In a particularly nasty bout of nausea, Mrs. March had retired to the guest bathroom, and between fits of retching, she overheard one of the women say to the rest, “You all know that she’s not ready for a baby. She can barely take care of herself.” Another said, “And with someone who’s already had one with somebody else? I could never. He’s not going to care about this pregnancy, or about this baby—he’s already gone through it all before! I mean why bother.” As Mrs. Marsh flushed the toilet, she swore she could hear laughter.

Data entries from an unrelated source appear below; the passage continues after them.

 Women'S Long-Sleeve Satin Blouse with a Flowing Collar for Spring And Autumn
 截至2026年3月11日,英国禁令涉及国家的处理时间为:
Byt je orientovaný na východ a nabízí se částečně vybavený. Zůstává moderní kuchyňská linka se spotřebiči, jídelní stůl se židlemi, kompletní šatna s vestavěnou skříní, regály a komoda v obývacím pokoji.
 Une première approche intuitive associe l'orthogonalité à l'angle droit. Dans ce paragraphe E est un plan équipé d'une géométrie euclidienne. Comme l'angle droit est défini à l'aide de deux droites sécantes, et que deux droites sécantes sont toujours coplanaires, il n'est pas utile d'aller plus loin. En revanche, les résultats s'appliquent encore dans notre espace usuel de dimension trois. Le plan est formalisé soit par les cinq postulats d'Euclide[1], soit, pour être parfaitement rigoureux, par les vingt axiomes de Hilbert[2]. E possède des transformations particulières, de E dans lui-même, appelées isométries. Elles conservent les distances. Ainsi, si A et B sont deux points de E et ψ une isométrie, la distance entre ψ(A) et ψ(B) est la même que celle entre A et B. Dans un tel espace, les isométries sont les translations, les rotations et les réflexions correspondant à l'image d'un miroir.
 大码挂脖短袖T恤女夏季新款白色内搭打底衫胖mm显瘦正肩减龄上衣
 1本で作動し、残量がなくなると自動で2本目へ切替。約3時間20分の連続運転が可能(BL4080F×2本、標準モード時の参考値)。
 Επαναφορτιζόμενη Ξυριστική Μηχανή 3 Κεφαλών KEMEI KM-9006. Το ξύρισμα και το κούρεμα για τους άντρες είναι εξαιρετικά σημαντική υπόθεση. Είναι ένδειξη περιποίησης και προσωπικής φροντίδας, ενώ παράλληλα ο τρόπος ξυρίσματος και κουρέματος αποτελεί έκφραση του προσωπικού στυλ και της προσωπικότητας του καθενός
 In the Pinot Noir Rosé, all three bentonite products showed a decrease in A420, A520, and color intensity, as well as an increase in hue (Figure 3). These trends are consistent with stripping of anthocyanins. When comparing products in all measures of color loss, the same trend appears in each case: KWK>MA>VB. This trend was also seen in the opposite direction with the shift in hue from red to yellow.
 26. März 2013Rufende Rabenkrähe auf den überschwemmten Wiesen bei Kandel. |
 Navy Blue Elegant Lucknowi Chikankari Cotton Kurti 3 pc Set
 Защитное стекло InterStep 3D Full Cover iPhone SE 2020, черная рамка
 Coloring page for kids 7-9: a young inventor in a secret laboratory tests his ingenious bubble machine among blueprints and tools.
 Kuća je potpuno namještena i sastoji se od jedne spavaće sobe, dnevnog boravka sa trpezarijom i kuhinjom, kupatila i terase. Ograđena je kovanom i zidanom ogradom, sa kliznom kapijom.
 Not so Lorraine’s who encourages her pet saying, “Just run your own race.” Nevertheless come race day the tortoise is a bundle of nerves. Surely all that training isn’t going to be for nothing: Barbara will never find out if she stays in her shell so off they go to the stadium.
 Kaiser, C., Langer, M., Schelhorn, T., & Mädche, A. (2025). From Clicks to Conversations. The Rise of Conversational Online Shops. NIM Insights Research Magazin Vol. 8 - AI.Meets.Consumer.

Wiping her mouth, she returned to the living room wearing a big smile, her voice quavering with overstated euphoria as she announced, “I’m back!” She played a few demeaning games—including “Guess the Mother’s Measurements,” at the gleeful request of her guests, who gripped the yarn and scissors with such relish that their knuckles paled—then she excused herself, claiming further nausea, and sent everybody home. Alone, she stood in silence in the baby’s room, staring up at the hook nailed to the ceiling for the mobile, which she had never gotten around to hanging. Later she gathered up the leftover food and decorations, as well as the baby gifts, in a big black trash bag, and threw everything out.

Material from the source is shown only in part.